If you want to see this changeset’s files, click here.

P.S.: We have opened bug 606963 to track the progress of this port. All the patches to go from vcstool version 0.0 to 0.1.1 (and above) will be attached there.

Porting hgtool to Mozharness

I’ve started work on Mozharness by moving hgtool functionality to Mozharness. The tool originally allows you to specify a bunch of options including: what revision/branch to get, which json properties file to use and so on. This is, however, specific to HG and we want to make this a bit more general. We want vcstool to use the appropriate class to handle pulling of data from a repository.

So far:

I’ve created the MercurialVCS class which will handle tasks such as updates and checkouts. Later on we will have a library for all of the popular VCSs (ie: GitVCS, SubversionVCS, BazaarVCS) which vcstool can use based on the command line specification.

$ python vcstool.py -h
Usage: vcstool.py [-s|--vcs VCS] [-p|--props-file] [-l|--log-level LEVEL] [-r|--
rev REVISION] [-b|--branch BRANCH] repo [dest]
...

The log level can now be modified using the –log-level switch for vcstool.

I’ve also ported commands.py to MozTools class. It is responsible for tasks such as run_cmd (execute a command, such as ‘hg clone …’ and get_output (execute command and return the stdout/stderr). MercurialVCS (and others) makes use of these commands during a pull. The MozTools class also creates the logging object, so VCS child classes can reference self.log.{info|debug|whatever}.
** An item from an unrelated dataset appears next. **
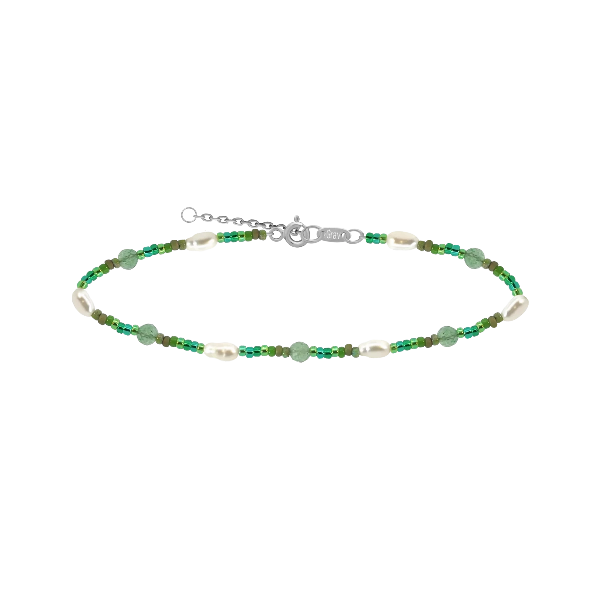 Ez a karkötő ünnepi ragyogást sugároz a domináns zöld design gyöngyöknek és a csillogó zöld aventurinnak köszönhetően, amelyek friss, mégis kifinomult megjelenést biztosítanak. Az aventurint sokan a harmónia, a szerencse és a pozitív energiák kövének tartják, így különleges jelentéssel gazdagítja ezt az egyedi ékszert. A finom, fehér rizsszem gyöngyök gyönyörű kontrasztot alkotnak a zöld árnyalatokkal, még elegánsabbá téve a karkötőt. A lánchosszabbítónak köszönhetően könnyedén méretre állítható, így tökéletes választás, ha ünnepi hangulatot és természetes eleganciát szeretnél viselni.

You can follow the development progress on this blog (top-right) or here: http://git.slacknet.ca/mozharness.git/rss

Migrating from Subversion (svn) to Mercurial (hg)

I’ve been using Subversion as my primary VCS for quite a while now and I loved it. There were a couple of things that were odd but for the most part, it worked well for one developer. With the Mozharness project, I was introduced to a new VCS concept called Distributed VCS.

In a nutshell, each developer has their own repository with their own detailed history of changes (changesets). This makes it easier to merge code (with less problems) when it comes time to put the application into production. If you have been using CVS/SVN for your version control, Mercurial concepts may get a bit confusing and a chart that gives you hg equivalents to svn commands, will complicate things further.

I found a site that actually has a re-education section for the Subversioners willing to switch to Mercurial/GIT: HGinit. If you’ve never used a VCS (distributed or otherwise) this is a great resource to get started.

I’ve setup my own Mercurial central repository: http://code.darkminds.org/hg/mozharness

EDIT: I’ve converted the mercurial repos to git: http://git.slacknet.ca

All I had to do is clone Mozharness from Mozilla’s central repository and it was ready to go. Compared to Subversion, setting up the published repository was actually quite painless and this tutorial can help you get one going too.

Oh and migration from SVN (or Git, or CVS, or Bazaar) couldn’t be easier:

$ hg convert http://nexusframework.svn.sourceforge.net/svn/nexusframework

Search Keyword Highlighting with Perl

Here’s how to break down a search string into uniq keywords and highlight them using HTML:

# user input
my $search_string = "I really really need this";

# highlighting, get the s _uniq_ keyword
# use grep() to make sure we skip short keywords
my @kw = grep {length($_) > 2} split /[^\w]/,$search_string;

# expected output: keyword1|keyword2|keyword3
my $regex_keys = join "|", sort keys %{{ map { $_ => 1 } @kw }};

$data =~ s!($regex_keys)!\1!ig;

print $data;

This obviously assumes you’ve received a line of text $data from a database of some sort.

The interesting part is:

keys %{{ map { $_ => 1 } @kw }}

… which creates an anonymous hash with all the elements of the array as keys with a dummy 1 value. The keys sub in turn returns the keys and since map would’ve overwritten any duplicate keys, they are now unique!

Cool right?

Drive Backup over SSH Compressed with Gzip

If you’ve worked hard to configure your Linux machine and can’t afford to lose it due to drive failure, try creating an image of it using dd periodically.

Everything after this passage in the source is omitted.